Wayne Hamilton, a Philadelphia stay-at-home dad, is a new father. Prior to the birth of his daughter, Julia, he never paid attention to whether a restaurant had a changing table in the men’s restroom or even a family restroom. However, soon after Julia came into his and his partner Mike’s life, their naiveté changed after one of their first outings to Pizzeria Stella. When Julia needed to be changed, they were informed that there was only a changing station in the women’s restroom. The staff handled the situation wonderfully, blocking off the restroom so Hamilton could change Julia, but corporate headquarters wasn’t so accommodating. Hamilton never received a response to his formal request to Starr Group to add changing stations in the Starr Group restaurants. Wayne said he continues to patronize Starr Group restaurants, but it’s never a first choice when they are out with the baby — which is often, since they live, work and play in the city.
A second experience prompted Hamilton to write another restaurant’s corporate headquarters. While dining at Redstone American Grill, he realized there was no changing table. Again, the staff handled it admirably but, feeling frustrated, uncomfortable and mostly annoyed, Hamilton wrote a letter to the COO of Redstone later that evening. By the next day, Mr. Michael O’Leary had not just responded but said he would be installing a changing station in the men’s bathroom immediately. The quick response and accommodation prompted Hamilton to spread the word about Redstone on Facebook and across other social media, and the goodwill associated with the gesture means his family will surely be eating again at Redstone American Grill whenever they are in New Jersey visiting “Mom-Mom”!
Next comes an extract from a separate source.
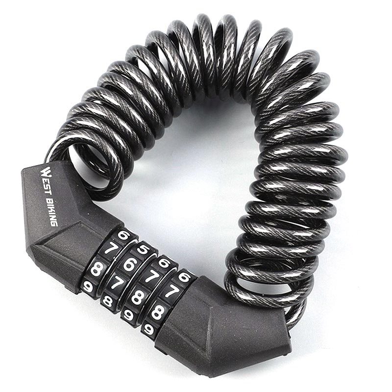 Protect your bike from theft with this West Biking anti-theft security bike lock Code. You can set up a thousand different combination codes, ensuring security with a 4-code password lock. The helmets can be easily locked too on the bike by wrapping the retractable cables around. The default password of the West Biking bike lock is 0000, and you can change it easily (unlock it, turn it for 90-degree, set the code, and lock it).

Families are now headed by two dads, two moms, mom and dads, single parents and extended caretakers. This small, inexpensive change goes a long way in sending a signal that a company is open for business to all families. The California “Diaper Mandate” acknowledges that traditional gender roles, with women as the primary caregiver for children, are changing and, simultaneously, there is a growing number of same-sex households with children. The California bills, and those to follow, are a sign of progress, a victory for gay fathers and also a moment of empowerment for mothers everywhere.